D’un autre côté, je me demande si ces théories « en surface » ne seraient pas plutôt d’une certaine manière l’expression du mal-être d’une jeunesse qui a besoin de se révolter sans vraiment savoir contre quoi et qui choisit la cible la plus évidente et la plus stupide qui soit : son futur... Je n’arrive pas à déterminer si c’est bien là le but du récit ou si ces dénonciations avancées sont vraiment présentées comme crédibles et logiques, afin de nous « ouvrir les yeux » sur certaines vérités de notre société (mais si c’est le cas, je dois bien dire que je trouverai le livre plutôt décevant alors).

« On ne survit pas à deux ans de guérilla sans pouvoir revendiquer une perversité au moins équivalente à celle de ses ennemis. » (p. 298)

Mais ce que je vais surtout retenir de ce roman, c’est ce sentiment de gêne intense que j’ai ressenti en le lisant.

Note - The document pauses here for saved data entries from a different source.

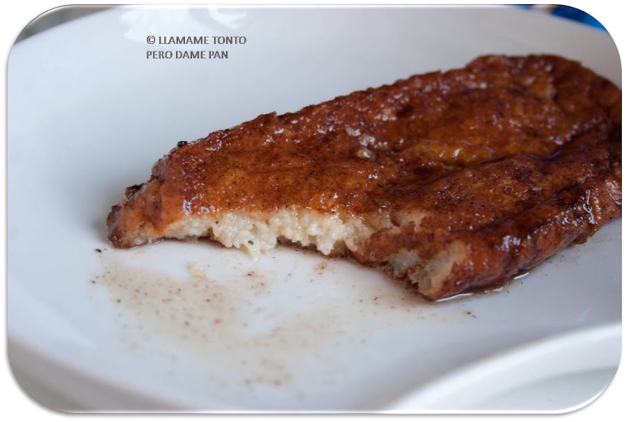 Mientras ponemos a calentar aceite en una sartén, dejamos preparado, en un plato, la mezcla de azúcar y canela. Eso a vuestro gusto, yo lleno un plato hondo de azúcar y espolvoreo con canela (unas 2 cucharadas).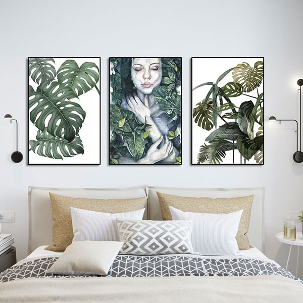 - Những bức tranh chủ đề hoa lá, hình ảnh nghệ thuật có thể treo trong phòng ngủ người lớn để thể hiện nét tính cánh riêng của mỗi người;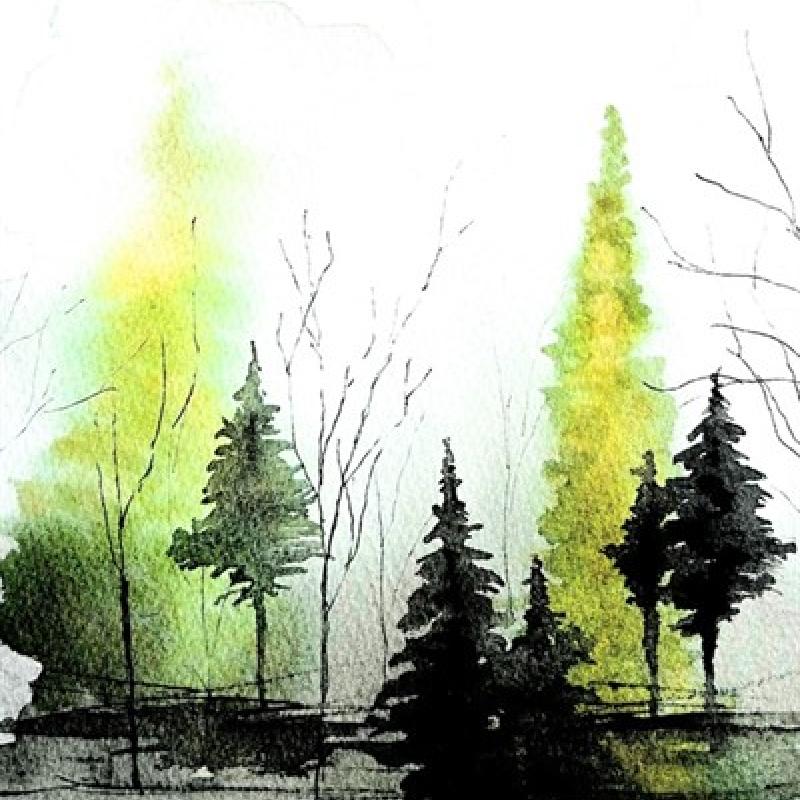 Utilizing classic techniques, students will create a forest scene with a gradient wash of muted greens and browns. A pine forest shrouded in fog will be the background, while the foreground becomes more distinct, lending depth to the landscape.

Rien ne nous survivra, c’est de la provocation en barre qui secoue le lecteur perdu face à tant de haine qu’il n’arrive pas à comprendre et qui lui expose pourtant en pleine figure. J’ai déjà vu et lu des choses extrêmes et pourtant j’ai trouvé ce roman-ci très dur, peut-être parce que justement j’ai été incapable de comprendre et de partager toute cette rage. Or, ce qu’on ne comprend pas nous déstabilise encore plus. Et nous fait peur. Ce qui n’est pas forcément mauvais, bien au contraire, car il est appréciable d’être remué comme cela, d’être confronté à des choses qui nous dépassent, d’être obligé d’adopter un autre point de vue sur le monde (même si ce point de vue ne nous convainc pas).

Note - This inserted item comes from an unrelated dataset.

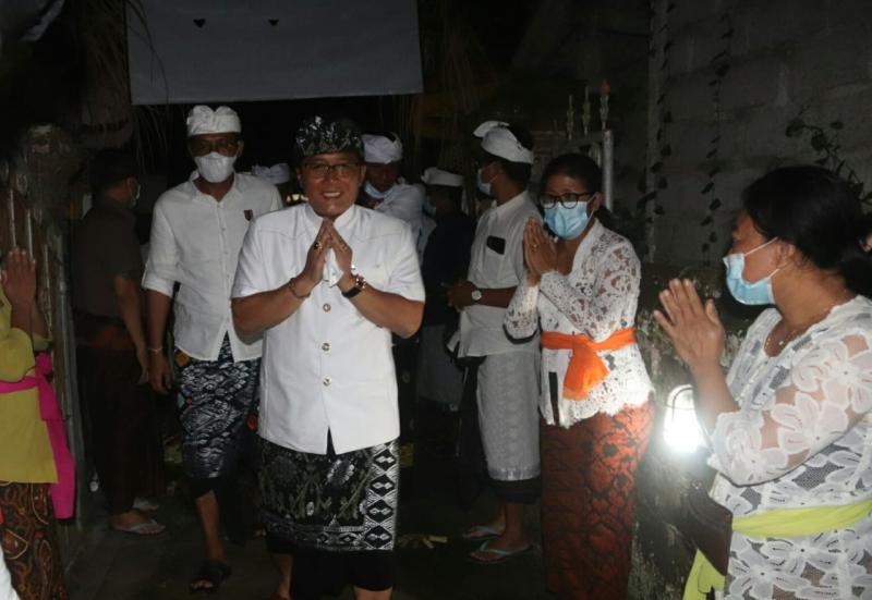 Setibanya di pura, Bupati melakukan persembahyangan bersama, untuk mendoakan agar karya berjalan dengan baik dan lancar. Sebagai wujud bhakti, Bupati medana punia secara pribadi sebesar Rp 20 juta. Dalam kesempatan itu, Bupati sangat mengapresiasi semangat krama pengempon pura telah mampu melaksanakan karya dengan tingkatan yang cukup besar, meskipun di masa pandemi Covid-19 saat ini. Diharapkan krama agar tetap mematuhi Protokol Kesehatan Covid-19, dengan melaksanakan 3 M yaitu memakai masker, mencuci tangan dan menjaga jarak.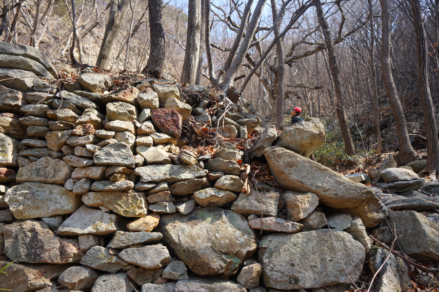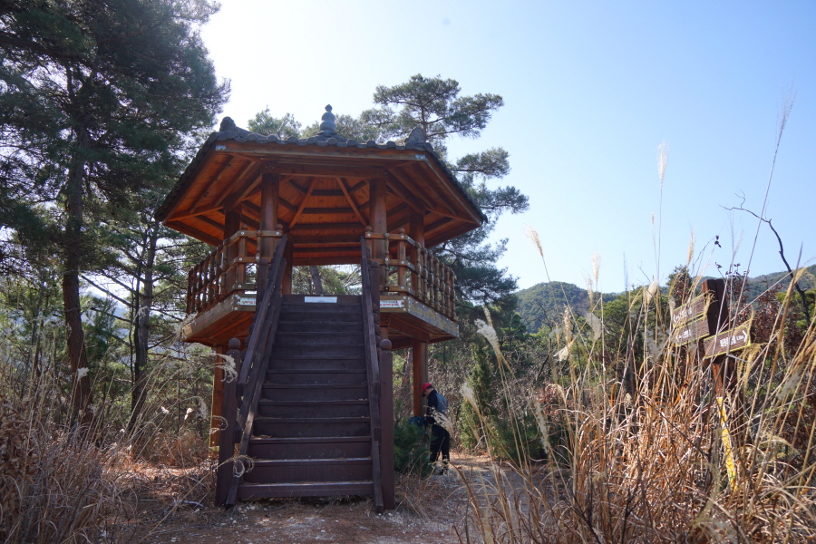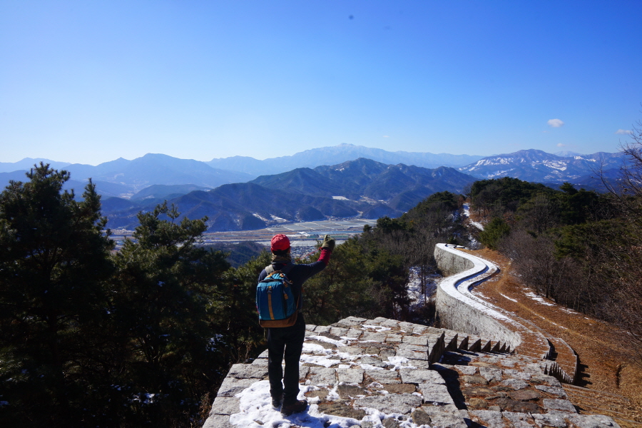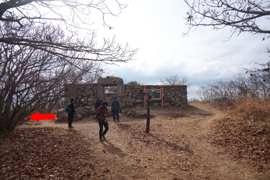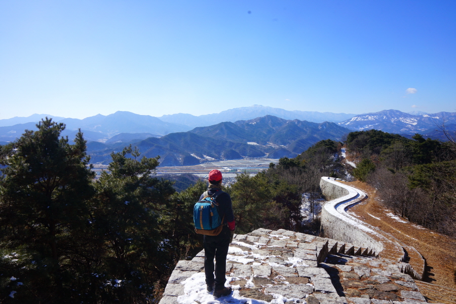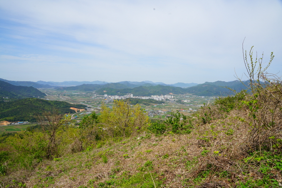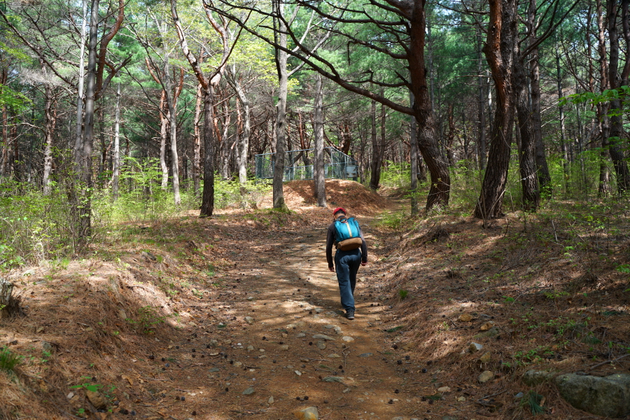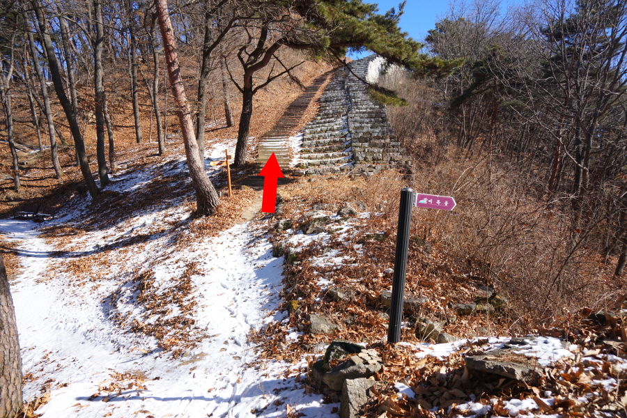 명활성 탐방로는 선덕여왕의 부왕이었던 진평왕릉 주차장에서 출발한합니다. 양지마을을 빠져나가면 명활성 탐방로 이정표가 서 있습니다. 오른쪽 3발굴지(2.4㎞)로 향합니다. 구릉 같은 완만한 산길이 이어지며 탐방로를 따라 두툼하게 생긴 긴 언덕이 무너진 명활성 흔적입니다. 일부 산성과 북문지는 발굴해 복원한 상태입니다. 3 발굴지에 서면 조망이 열립니다. 보문댐과 북천변의 동궁원이 보이며, 멀리 낙동정맥 능선과 천북면 서산의 풍력단지가 펼쳐집니다.

Maintenant, malgré les bons comme les mauvais côtés qui rendent ce livre intéressant, j’en veux quand même un peu à l’auteur pour la fin qu’elle lui a donné et qui ne semble pas être (du tout) à la hauteur du reste. En plus de m’être retrouvée désemparée devant une conclusion qui m’a fait dire tout haut « tout ça pour ça ?!? », j’ai détesté le fait que Maïa Mazaurette nous révèle indirectement le sexe de ce personnage tellement envoutant par son côté asexué justement. Pourquoi fallait-il qu’on sache ?

Au final, Rien ne nous survivra est un livre bouleversant et frustrant à la fois, un roman qui fait dans la provocation marquante mais aussi parfois un peu trop facile et dont j’ai du mal à cerner le message. Il m’a secoué salutairement mais, en même temps, il m’a laissée complètement désarmée et perplexe et je suis incapable de savoir quoi en penser. A vous de vous faire une idée.

Rien ne nous survivra - Le pire est avenir par Maïa Mazaurette, illustration d’Hervé Leblan, Folio SF, 372 p.